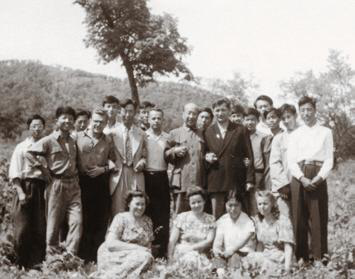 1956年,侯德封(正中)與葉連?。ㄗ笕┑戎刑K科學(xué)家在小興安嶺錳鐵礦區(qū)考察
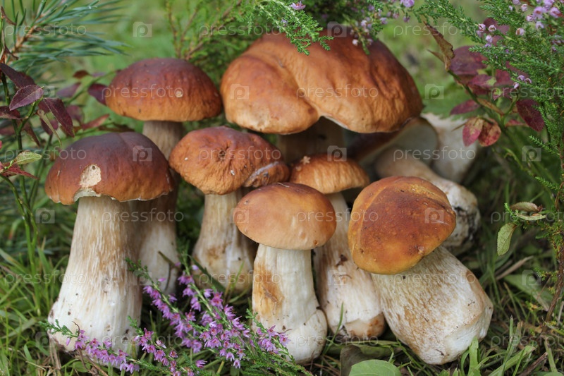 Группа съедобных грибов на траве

...

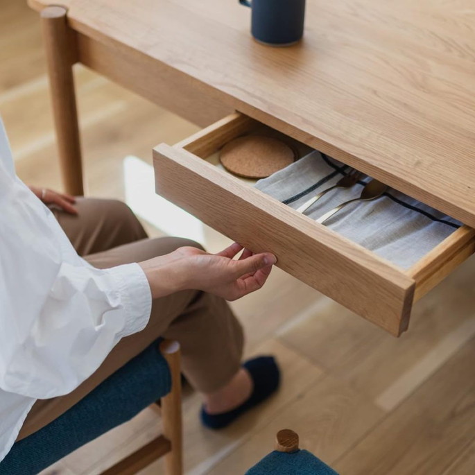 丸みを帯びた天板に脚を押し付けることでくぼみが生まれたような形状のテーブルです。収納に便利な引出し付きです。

==

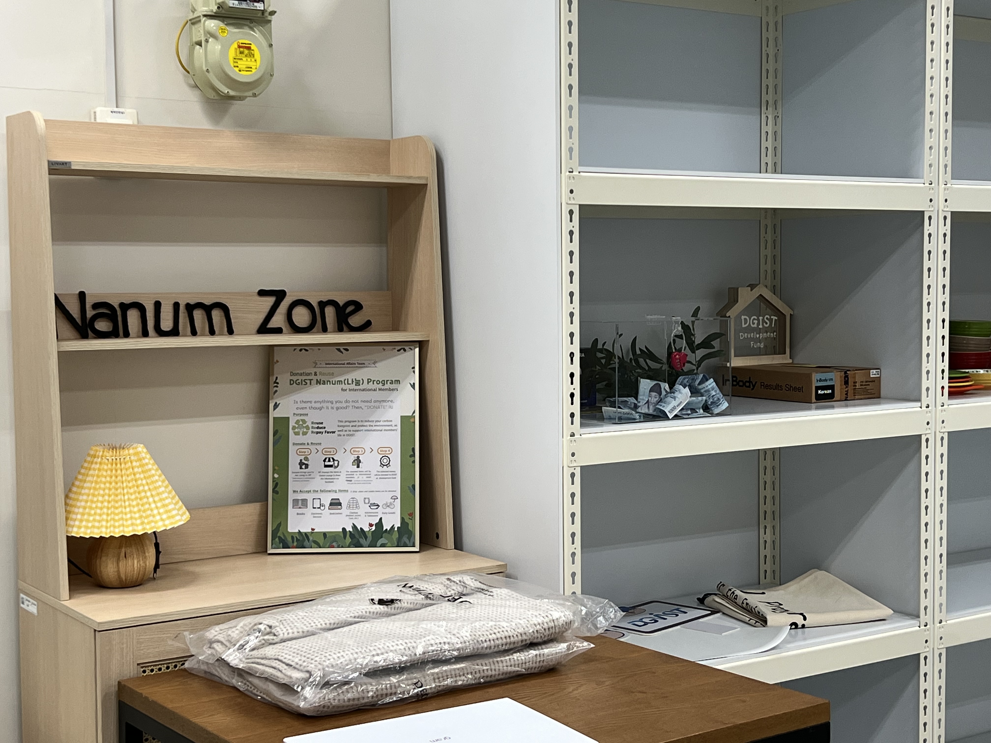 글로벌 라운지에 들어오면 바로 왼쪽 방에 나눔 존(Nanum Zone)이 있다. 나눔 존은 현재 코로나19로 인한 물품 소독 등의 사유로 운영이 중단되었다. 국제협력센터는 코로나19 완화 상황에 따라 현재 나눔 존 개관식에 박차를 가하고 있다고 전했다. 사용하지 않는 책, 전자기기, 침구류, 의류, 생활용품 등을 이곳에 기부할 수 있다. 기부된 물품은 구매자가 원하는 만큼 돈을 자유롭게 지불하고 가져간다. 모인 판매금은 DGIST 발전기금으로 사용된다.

• **WORK TASK**
Starting at the line with "1956年,侯德封(正中)與" in the entries above, write out every line exactly until the line with "Группа съедобных грибов на траве" has been written. Include no pictures and nothing more.

• **RESPONSE TO THIS EXERCISE**
 1956年,侯德封(正中)與葉連?。ㄗ笕┑戎刑K科學(xué)家在小興安嶺錳鐵礦區(qū)考察
 Группа съедобных грибов на траве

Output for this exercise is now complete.